Copyright: © 2013 Mercken et al. This is an open-access article distributed under the terms of the Creative Commons Attribution License, which permits unrestricted use, distribution, and reproduction in any medium, provided the original author and source are credited.

Abstract

The levels of microRNAs (miRNAs) are altered under different conditions such as cancer, senescence, and aging. Here, we have identified differentially expressed miRNAs in skeletal muscle from young and old rhesus monkeys using RNA sequencing. In old muscle, several miRNAs were upregulated, including miR-451, miR-144, miR-18a and miR-15a, while a few miRNAs were downregulated, including miR-181a and miR-181b. A number of novel miRNAs were also identified, particularly in old muscle.
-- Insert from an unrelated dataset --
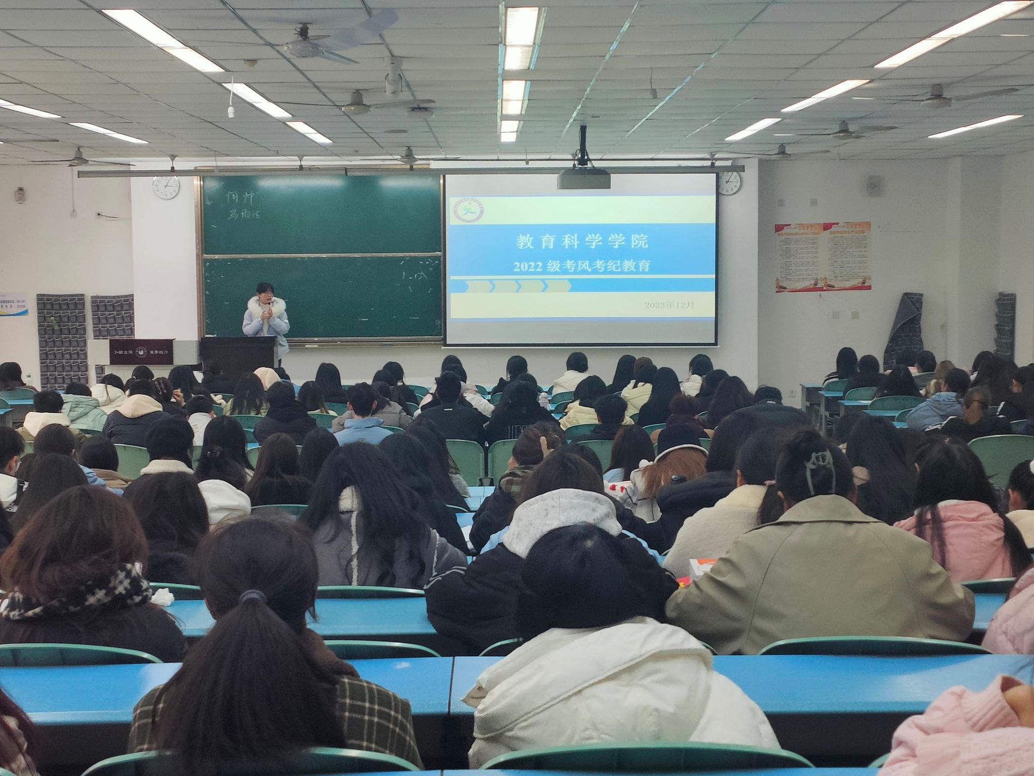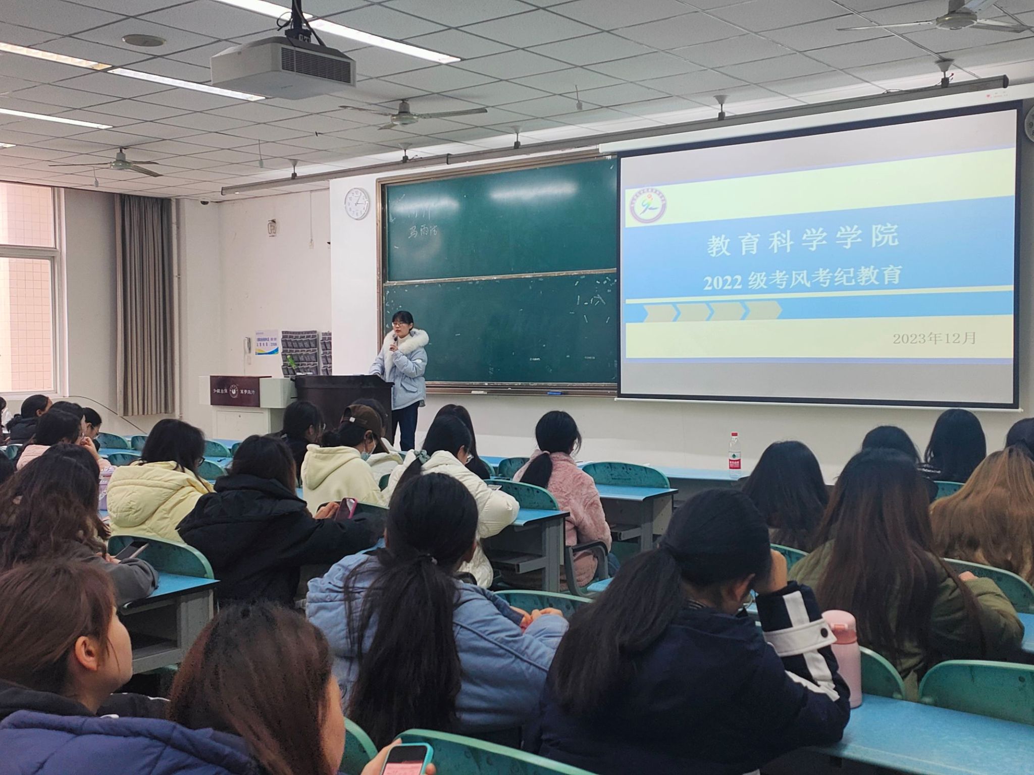 本网讯(文、图/贾琪)为切实加强考风考纪工作,积极倡导和弘扬诚实守信的良好风尚,12月28、29日,教育科学学院各年级辅导员组织学生开展了期末考试诚信教育会。

We also examined the impact of caloric restriction (CR) on miRNA abundance by reverse transcription (RT) followed by real-time, quantitative (q)PCR analysis and found that CR rescued the levels of miR-181b and chr1:205580546, and also dampened the age-induced increase in miR-451 and miR-144 levels. Our results reveal that there are changes in expression of known and novel miRNAs with skeletal muscle aging and that CR may reverse some of these changes to a younger phenotype.